§ **What this task involves**: Each word in the data below should be copied exactly; the images should not.

§ **Available data**:
* * * * * * * * *

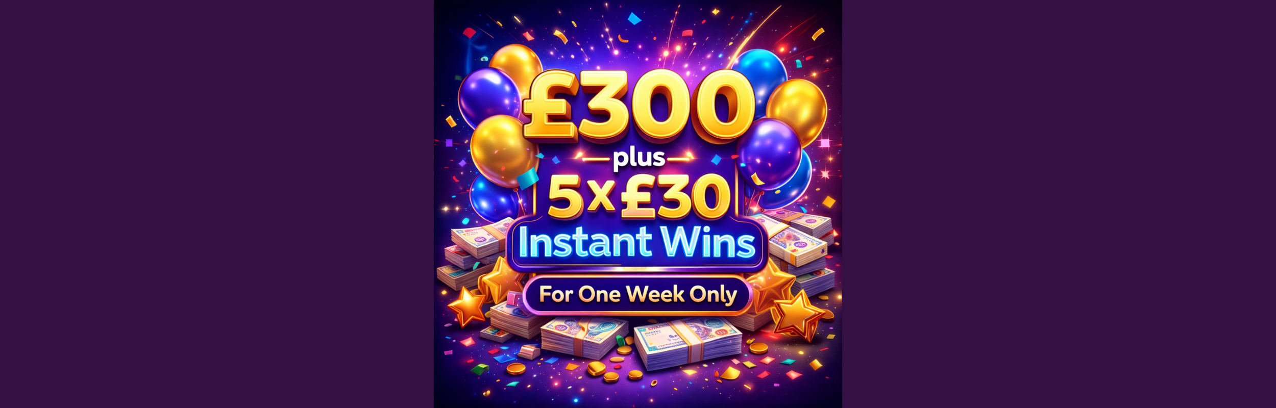 A £300 Cash grand prize plus 5 £30 Cash Instant Wins!
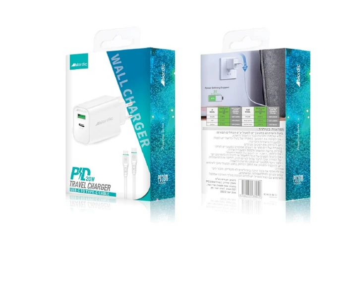 מטען בית מהיר PD 20W עם כבל טייפ-סי
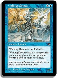 Walking Dream is unblockable. Walking Dream does not untap during your untap phase if any opponent controls two or more creatures.
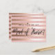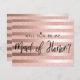 Simple elegant Maid of honour proposal postcard. Design featuring brush script '' Maid of honour'' on a rose gold glitter and foil stripes background. Add your message to the back of this postcard. To edit template click customise further.

* * * * * * * * *

§ **The answer**:
 A £300 Cash grand prize plus 5 £30 Cash Instant Wins!
 מטען בית מהיר PD 20W עם כבל טייפ-סי
 Walking Dream is unblockable. Walking Dream does not untap during your untap phase if any opponent controls two or more creatures.
 Simple elegant Maid of honour proposal postcard. Design featuring brush script '' Maid of honour'' on a rose gold glitter and foil stripes background. Add your message to the back of this postcard. To edit template click customise further.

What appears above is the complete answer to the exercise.